Homo Machina is inspired by a work by Fritz Khan, a physician and infograph pioneer. The specific piece in question is the commissioned illustration, “Man as an Industrial Palace.” There’s a good chance you’ve seen it, even if you don’t know it by name. So, think of this game as an interactive art deco illustration.

Each chapter of this game has you journeying through the human body, solving puzzles to help the man get through his daily activities and onto his evening date. Even the simplest of tasks, like eating breakfast, are quite involved, although the puzzles connected to them (with a couple of exceptions) aren’t too difficult to figure out. It really helps you appreciate the design of the human body, something Khan called “the most competent machine in the world.”

The puzzles themselves are… okay. Nothing special, truth be told, but it’s the way the levels incorporate them that elevates. The tiny workers in the body factory are earnestly invested in helping the man succeed. They go a long way to aiding the Homo Machina’s one-of-a-kind presentation.
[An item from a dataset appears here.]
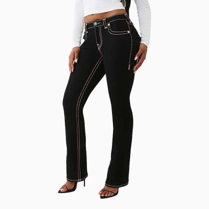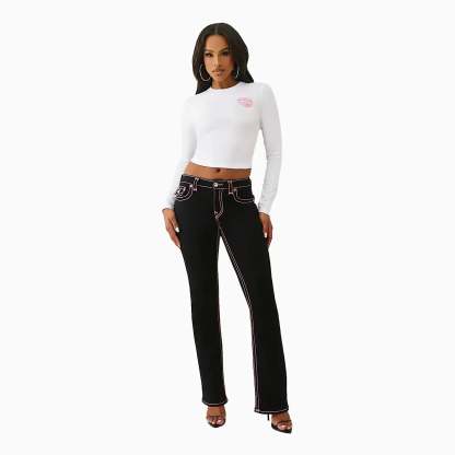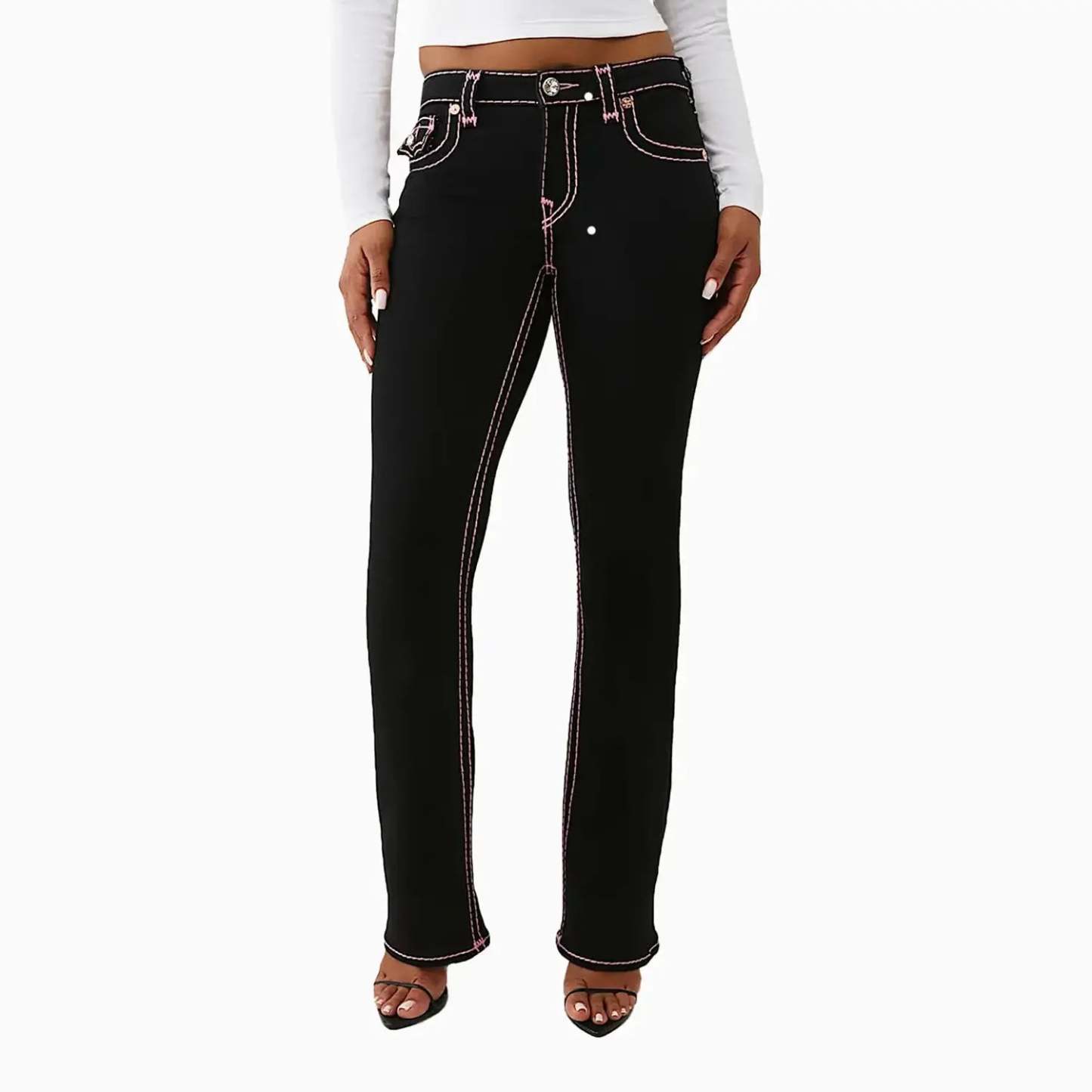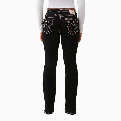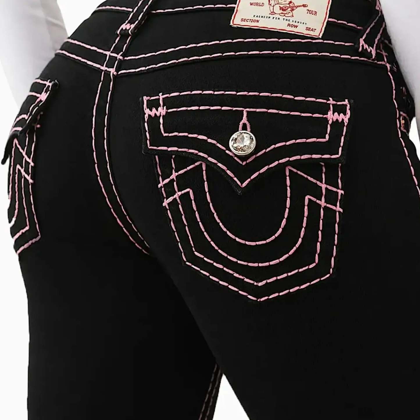 The Becca Mid Rise Super T Bootcut Jean delivers timeless, flattering vibes. This leg-lengthening flared fit features a dark wash, hot pink Super T stitching, glass buttons, and stitched horseshoes on the back flap pockets.

Visually, this game shines. Still images don’t really do justice to the sense of richness and quality you get from actually playing. The animation of the hardworking body crew and their accompanying cinematics are real highlights. I recommend playing in handheld mode where you hold the Switch vertically, having the image fill the entire screen, to really appreciate the attention to detail. Just try not to obscure any of the display with your fingerprints.

This “fantastic journey through the human body factory” made me smile. Homo Machina is a very concise experience (perhaps an hour or so) but one that’s priced appropriately on the Nintendo eShop at just $2.99. While the puzzles themselves are so-so, this eye-catching game is positively wrapped in charm, and I suggest you add it to your Switch digital library.